(Data provided begins)

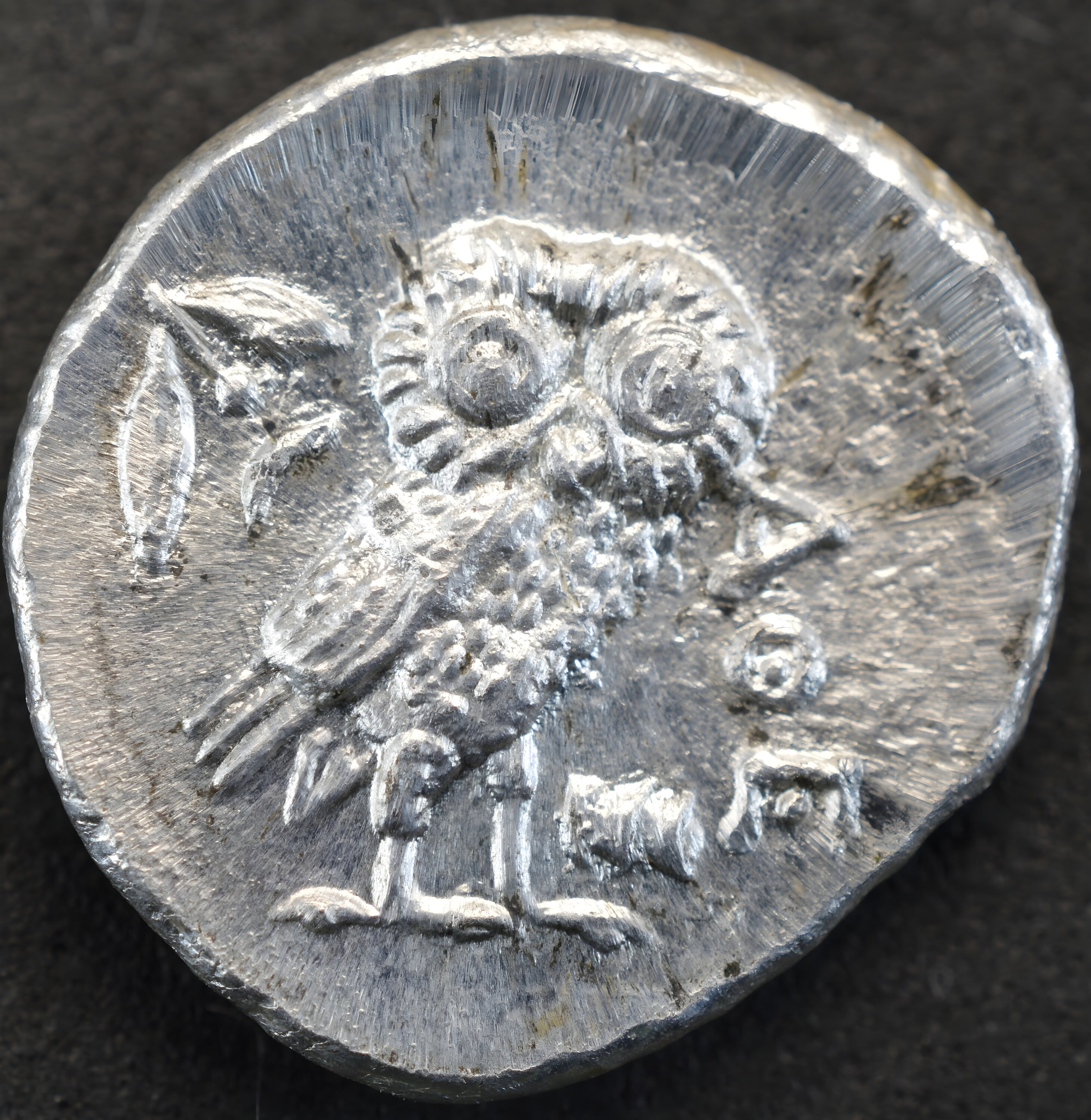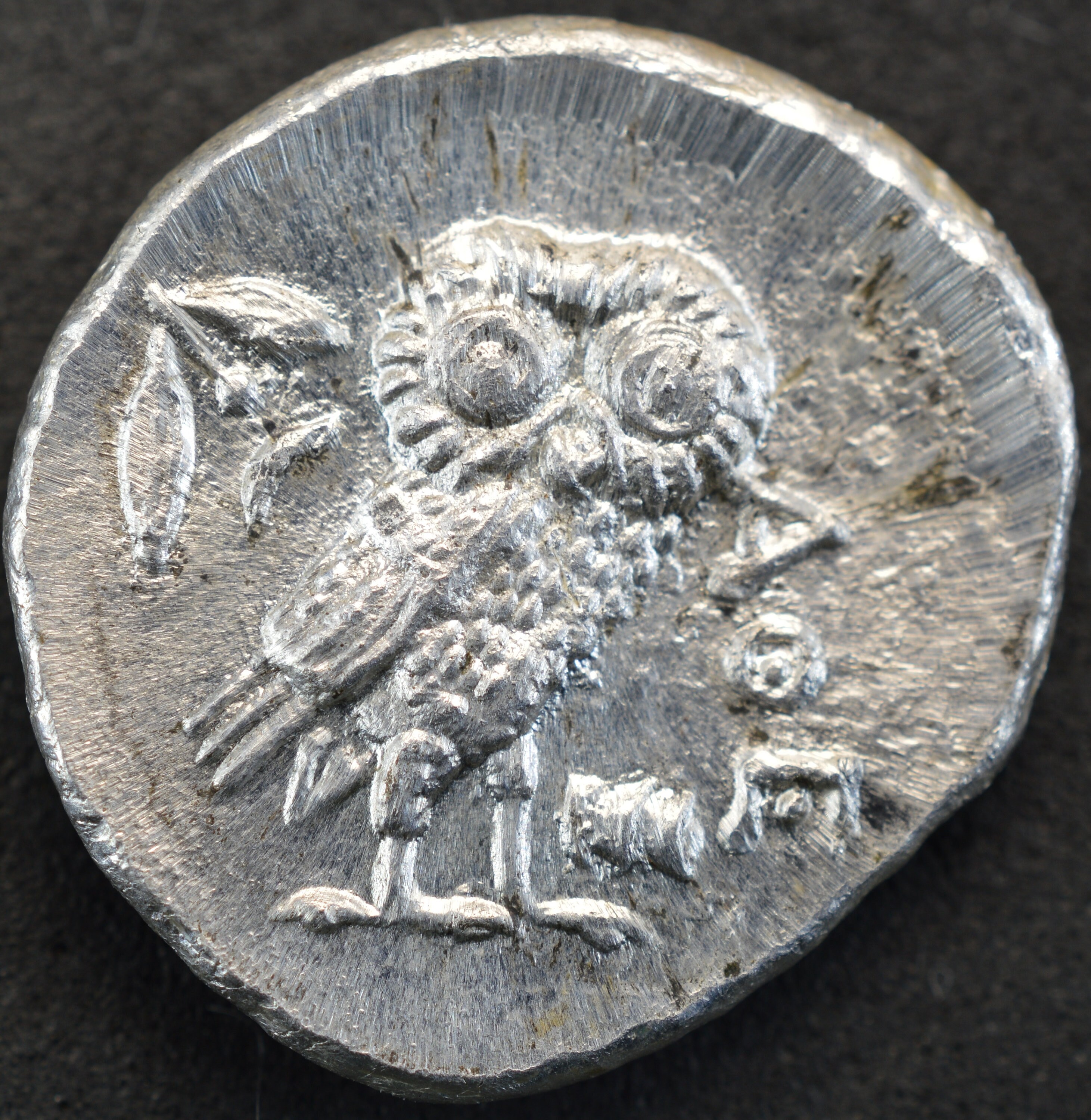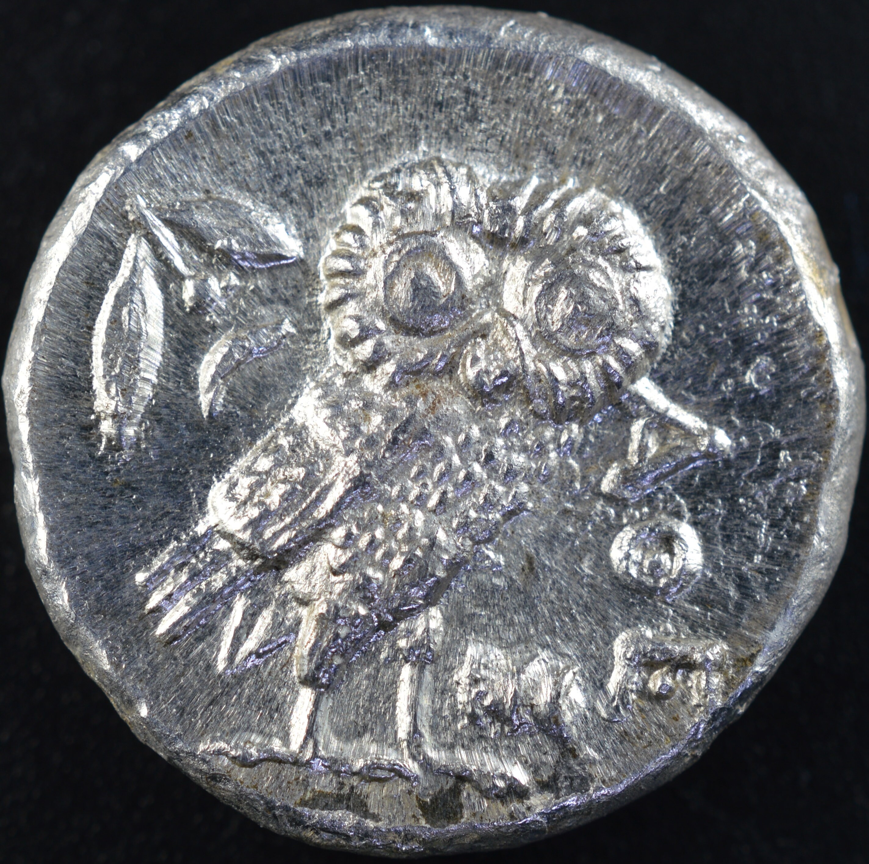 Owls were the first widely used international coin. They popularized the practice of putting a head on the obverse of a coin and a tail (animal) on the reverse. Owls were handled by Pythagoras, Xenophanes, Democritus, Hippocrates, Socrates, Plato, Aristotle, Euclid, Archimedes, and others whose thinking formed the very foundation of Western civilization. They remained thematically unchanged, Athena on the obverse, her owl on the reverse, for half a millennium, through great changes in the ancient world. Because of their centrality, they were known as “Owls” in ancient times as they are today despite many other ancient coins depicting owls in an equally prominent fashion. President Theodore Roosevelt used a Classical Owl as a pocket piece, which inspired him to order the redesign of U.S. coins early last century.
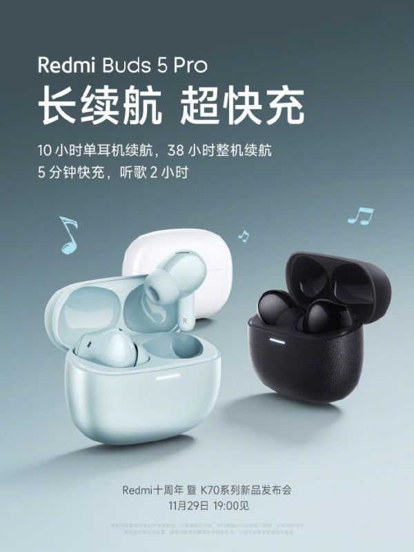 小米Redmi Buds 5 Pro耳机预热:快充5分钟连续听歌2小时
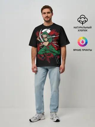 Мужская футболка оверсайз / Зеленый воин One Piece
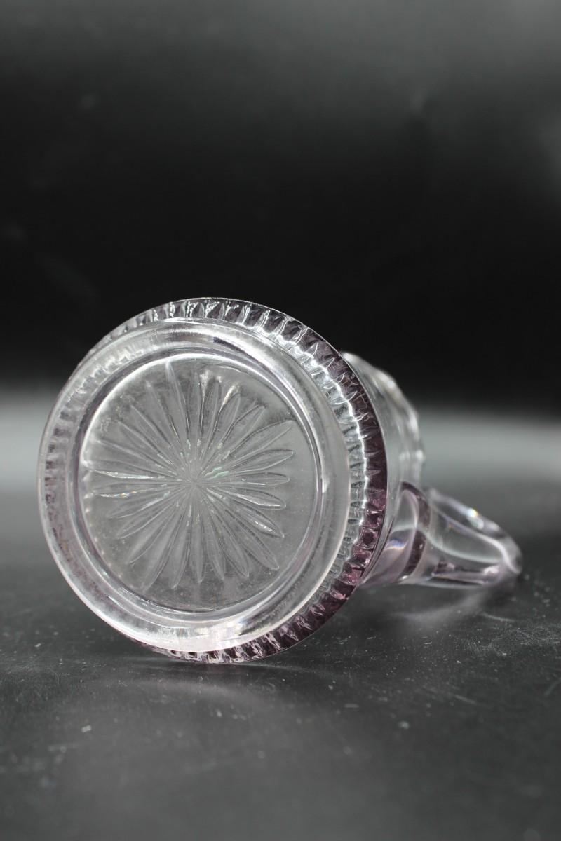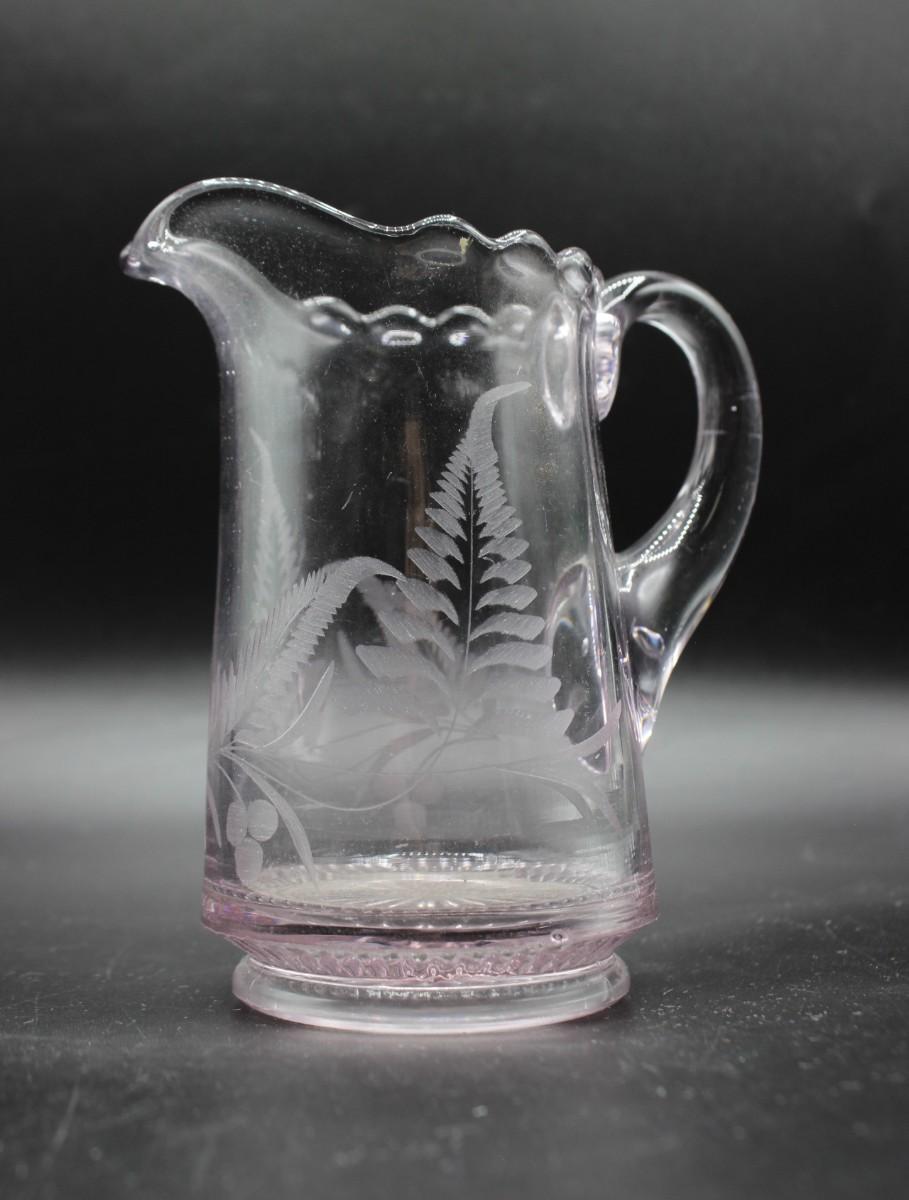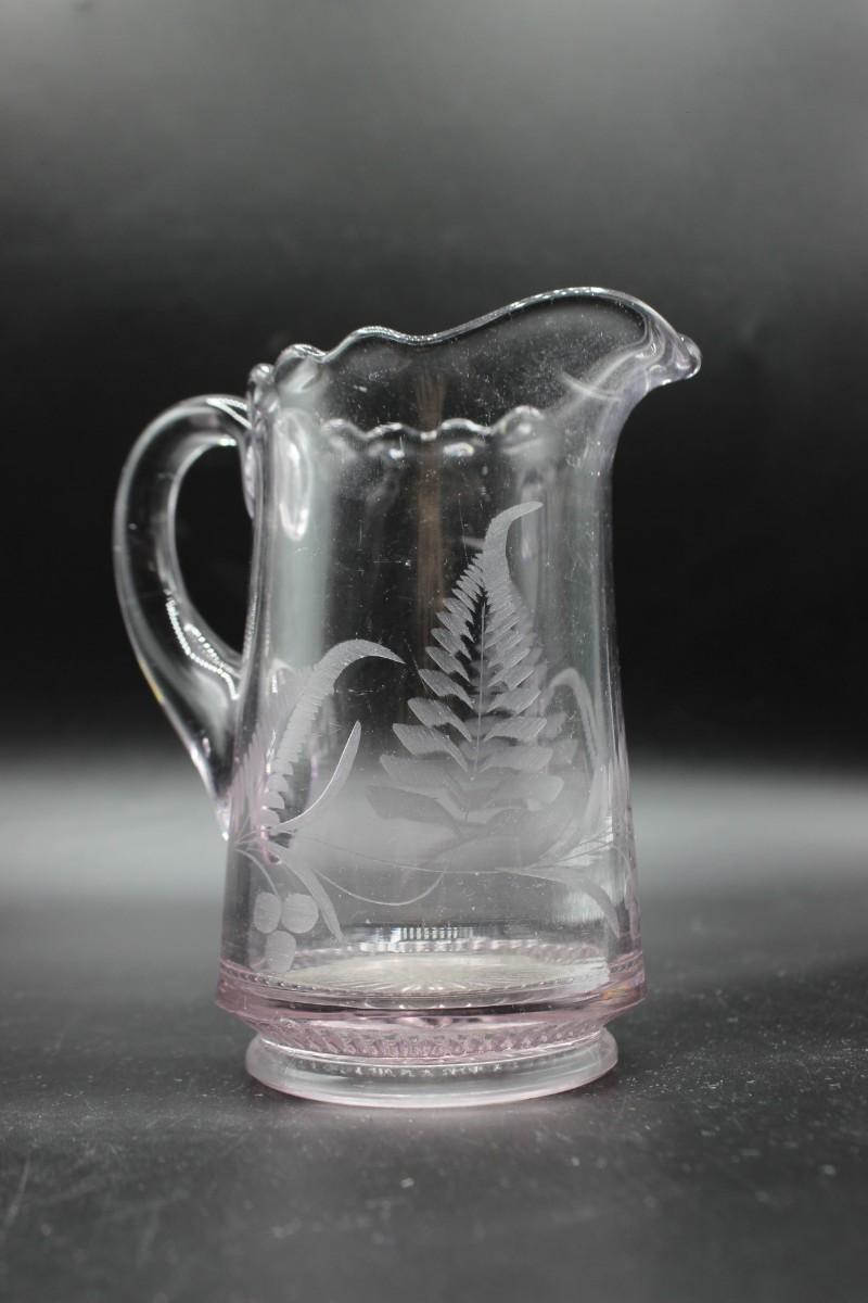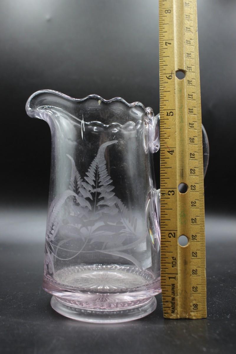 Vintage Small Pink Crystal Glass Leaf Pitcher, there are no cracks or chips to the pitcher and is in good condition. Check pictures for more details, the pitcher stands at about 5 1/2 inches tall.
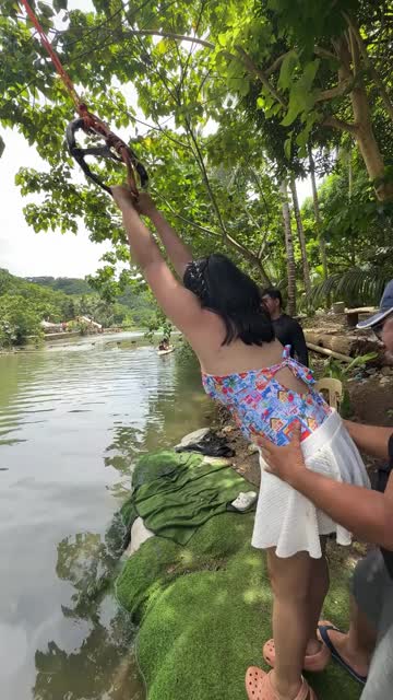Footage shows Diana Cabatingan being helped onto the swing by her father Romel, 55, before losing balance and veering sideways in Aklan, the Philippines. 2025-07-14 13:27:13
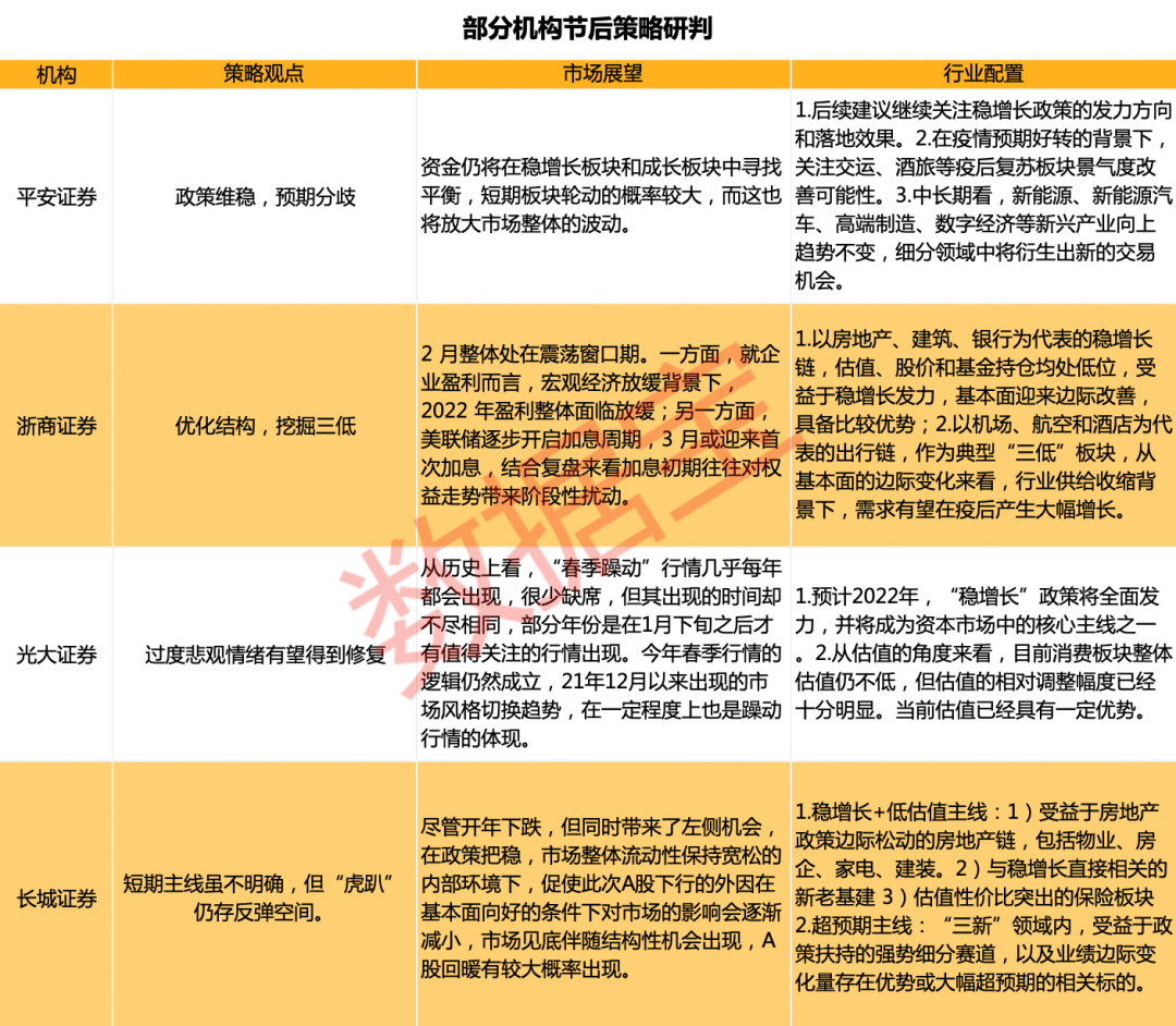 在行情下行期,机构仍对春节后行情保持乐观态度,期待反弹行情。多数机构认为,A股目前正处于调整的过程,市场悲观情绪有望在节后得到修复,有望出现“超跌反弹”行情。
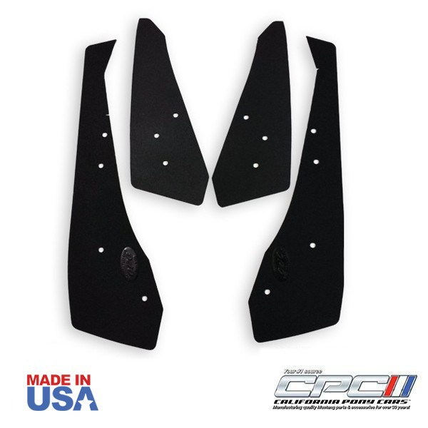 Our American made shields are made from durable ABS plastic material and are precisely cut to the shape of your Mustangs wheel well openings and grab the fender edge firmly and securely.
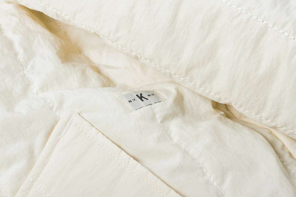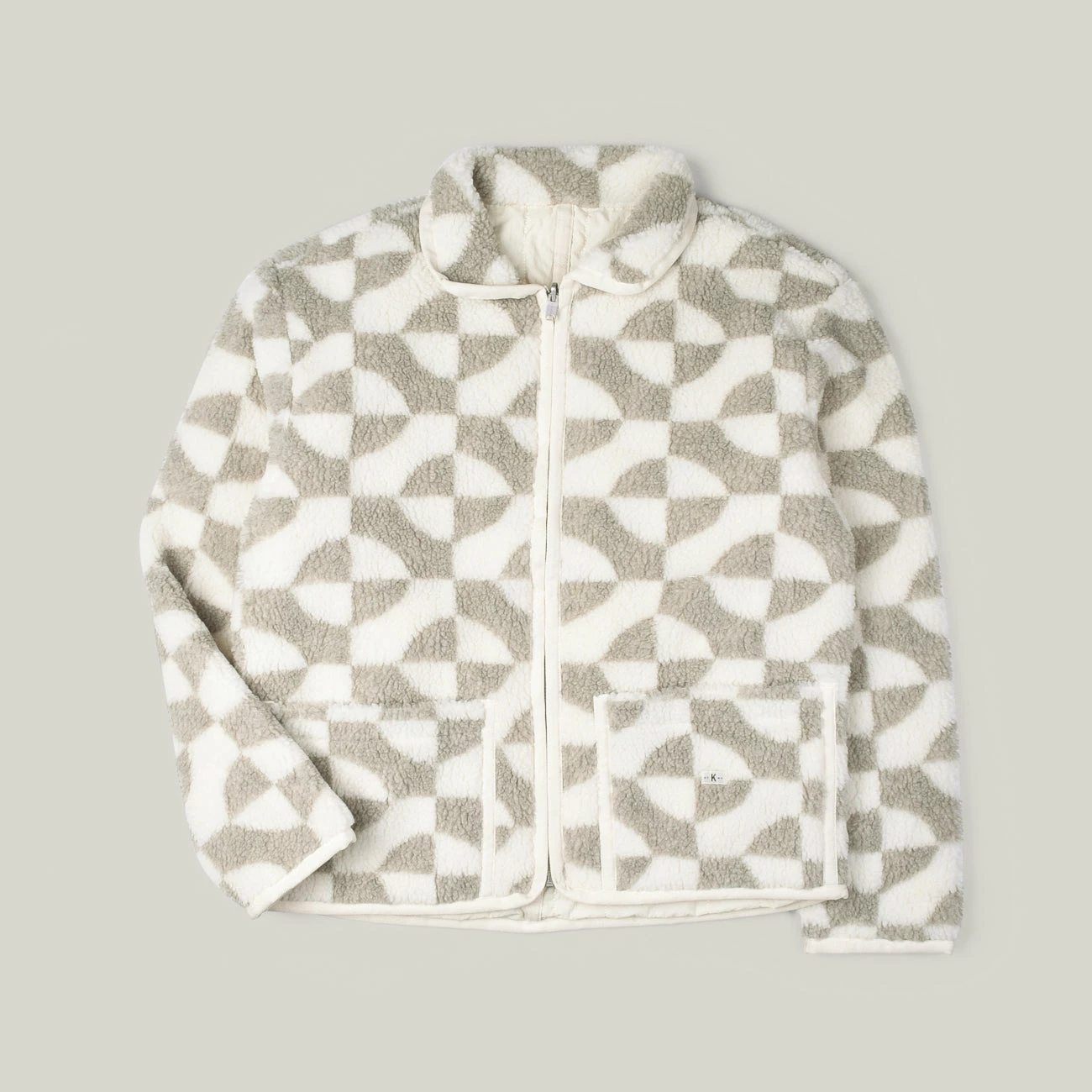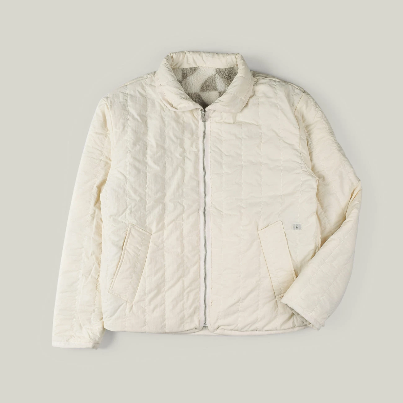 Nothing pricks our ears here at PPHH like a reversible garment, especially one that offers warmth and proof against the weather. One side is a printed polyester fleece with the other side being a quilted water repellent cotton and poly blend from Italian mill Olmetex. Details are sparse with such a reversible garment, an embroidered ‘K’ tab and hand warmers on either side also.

(Data provided ends)

## [The problem]
Extract the part of the records that opens with the line containing "Footage shows Diana" and closes with the line containing "在行情下行期,机构仍对春节后". Take only those lines, exactly, and no pictures.

## [Answer for this exercise]
Footage shows Diana Cabatingan being helped onto the swing by her father Romel, 55, before losing balance and veering sideways in Aklan, the Philippines. 2025-07-14 13:27:13
 在行情下行期,机构仍对春节后行情保持乐观态度,期待反弹行情。多数机构认为,A股目前正处于调整的过程,市场悲观情绪有望在节后得到修复,有望出现“超跌反弹”行情。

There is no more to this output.